Exercise details =>
Although the data below contains pictures, please reproduce only its words, exactly.

Information supplied =>
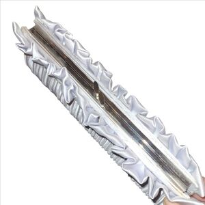 Silver Metallic Evening Clutch with Scrunched Pleated Fabric and Rhinestone Trim
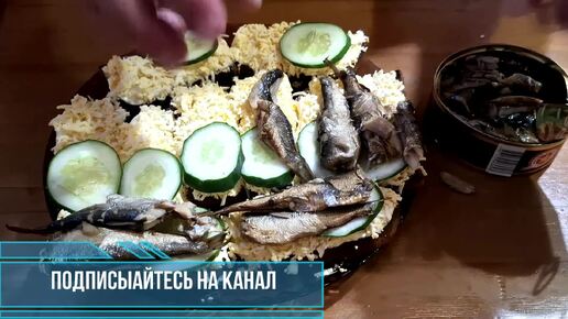 Беру Хлеб, Яйцо, Шпроты, Огурец и готовлю чудо закуску. Уходит со стола за минуты.
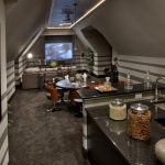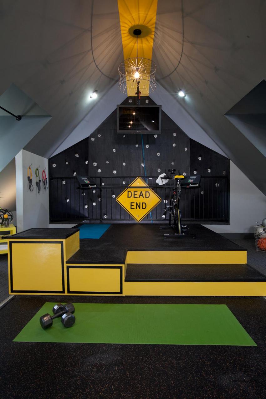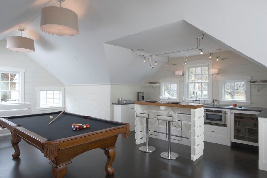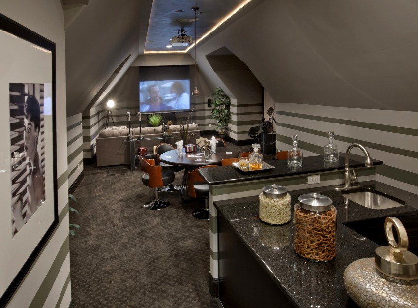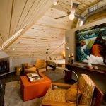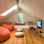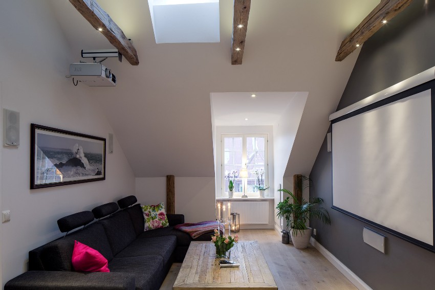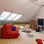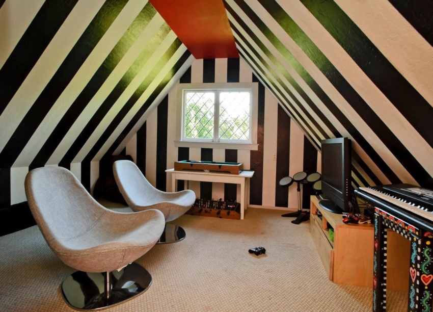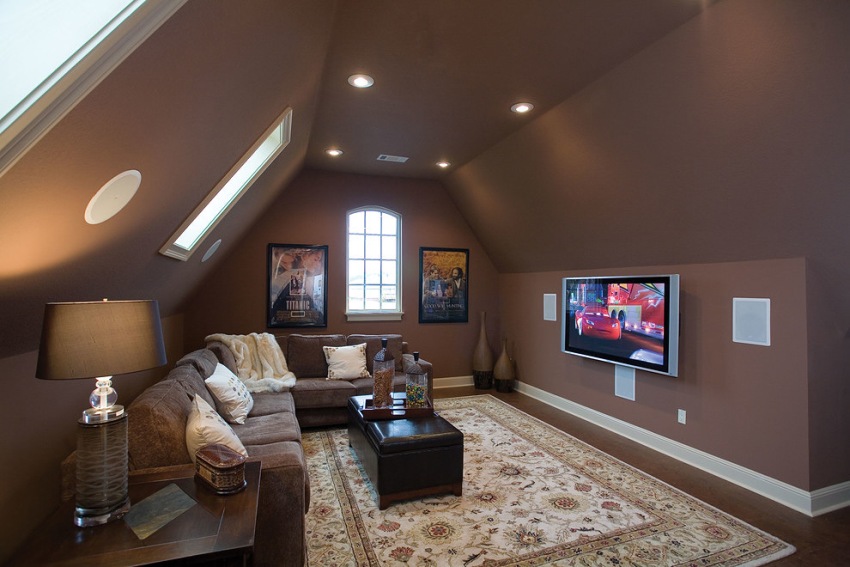També és una bona idea crear una sala de cinema a les golfes. Podreu gaudir d’una imatge i un so de qualitat en pau, ja que el televisor no estarà ple de mobles. Podeu utilitzar un sofà, poufs suaus o bosses de fesols com a seients per als espectadors. Si es desitja, el cinema a casa es pot equipar amb llocs reclinables: una moqueta esponjosa i molts coixins suaus.

Exercise response =>
 Silver Metallic Evening Clutch with Scrunched Pleated Fabric and Rhinestone Trim
 Беру Хлеб, Яйцо, Шпроты, Огурец и готовлю чудо закуску. Уходит со стола за минуты.
També és una bona idea crear una sala de cinema a les golfes. Podreu gaudir d’una imatge i un so de qualitat en pau, ja que el televisor no estarà ple de mobles. Podeu utilitzar un sofà, poufs suaus o bosses de fesols com a seients per als espectadors. Si es desitja, el cinema a casa es pot equipar amb llocs reclinables: una moqueta esponjosa i molts coixins suaus.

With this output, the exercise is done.